Your design makes a number of assumptions.
- A teacher can only be in one department.
- Each department can have only one chairman.
- Chairman is the only position you'll want to store.
- You don't want to know anything more about the chairman.
- Only teachers can be chairmen.
If these assumptions hold true in realty you can solve your conundrum by taking advantage that a teacher can only be in one department. Move the "chairman" flag into the teacher table. That guarantees the chairman is a member of the department.

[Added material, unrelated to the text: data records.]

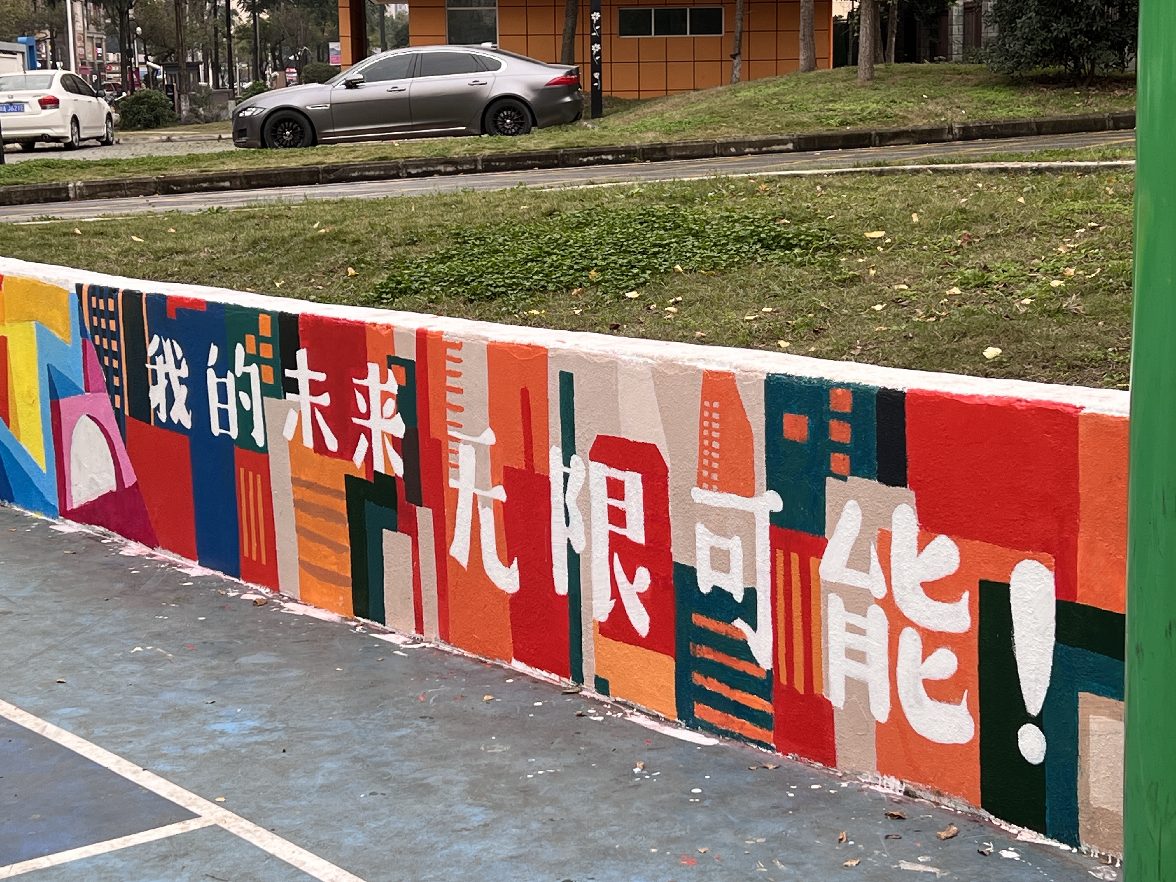 在前期准备时,同学们结合专业知识,融合童年元素,共同完成墙绘图案设计工作。
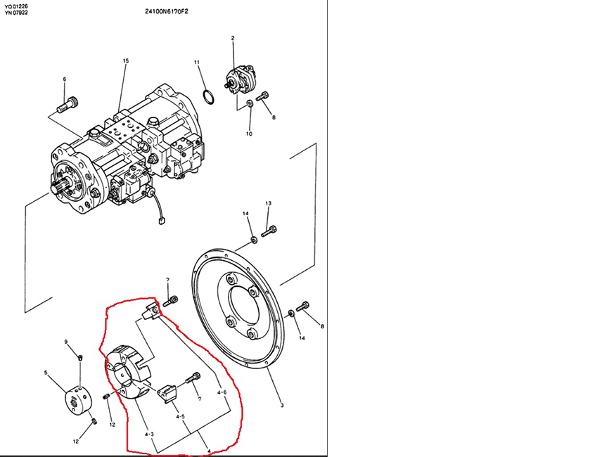 Kobelco - Hydraulic excavator, Hydraulic pump - Coupling, Engine to pump
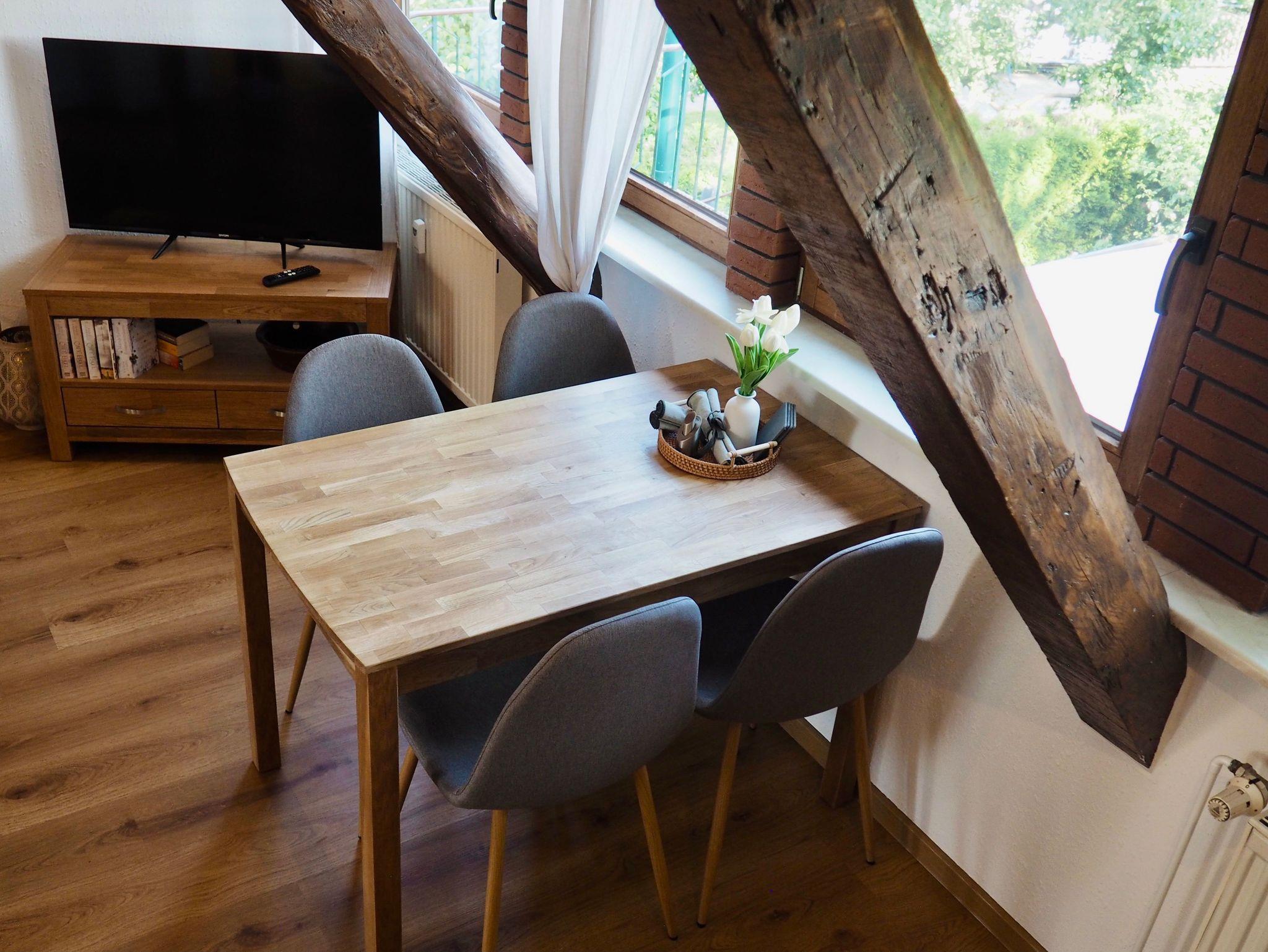 Freuen Sie sich auf ein gemütliches Wohnzimmer mit offener, gut ausgestatteter Küche und einem einladenden Essbereich für bis zu vier Personen ? ideal für gemeinsame Mahlzeiten und entspannte Abende.
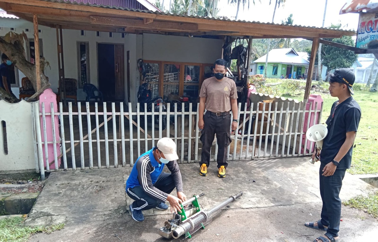 Dutawarta.com, Kaur - Lakukan pendampingan terhadap petugas Dinas Kesehatan dan Puskesmas Kabupaten Kaur yang melakukan kegiatan fogging siang hari kemarin Minggu (25/09/2022), Briptu Mitri Agus Wijaya bersama Jajaran Pemerintah Desa Jembatan Dua Kecamatan Kaur Selatan mengajak Warga untuk kembali mengaktifkan kegiatan gotong royong membersihkan lingkungan.
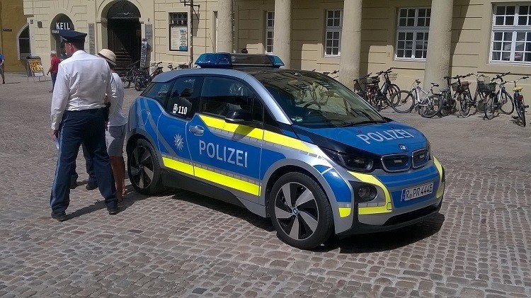 Auch die Polizei spielte mit – sie kam mit dem Elektroauto. 😉
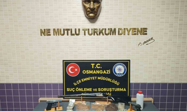 Osmangazi İlçe Emniyet Müdürlüğü Osmangazi Suç Önleme ve Soruşturma Büro Amirliği ekipleri, bir süredir peşinde olduğu uyuşturucu tacirlerine yönelik operasyon düzenledi. Yapılan operasyonda 6 şüpheli gözaltına alınırken, şahısları evlerinde yapılan aramada 1 adet hassas terazi, 1 adet çifte tüfek, 2 adet tabanca, 16 bin lira nakit para, 8 adet cep telefonu ve 512 gram uyuşturucu madde ele geçirdi. Şüphelilerin emniyetteki işlemlerinin sürdüğü öğrenildi.

However, I think those assumptions won't survive an encounter with reality. If they don't it would involve significant restructuring of your schema and queries. I would restructure the schema to store the more generic staff and turn teacher into a department role. Staff and departments are in a many-to-many relationship. This relationship can be used to store the type of relationship as well as any further information.
CREATE TABLE staff (
id INTEGER PRIMARY KEY,
name TEXT NOT NULL
);
CREATE TABLE departments (
id INTEGER PRIMARY KEY,
name TEXT NOT NULL
);
CREATE TABLE department_roles (
staff_id INTEGER REFERENCES staff(id),
department_id INTEGER REFERENCES departments(id),
role ENUM('chairman', 'teacher')
);
That layout guarantees a chairman is in their own department. Constraints on department_roles can enforce business logic like having one chairman per department, or only teachers can be chairmen, and they can be removed or changed later without affecting queries. It allows adding roles in the future. It allows adding more information to those roles. It allows non-teachers to hold department roles.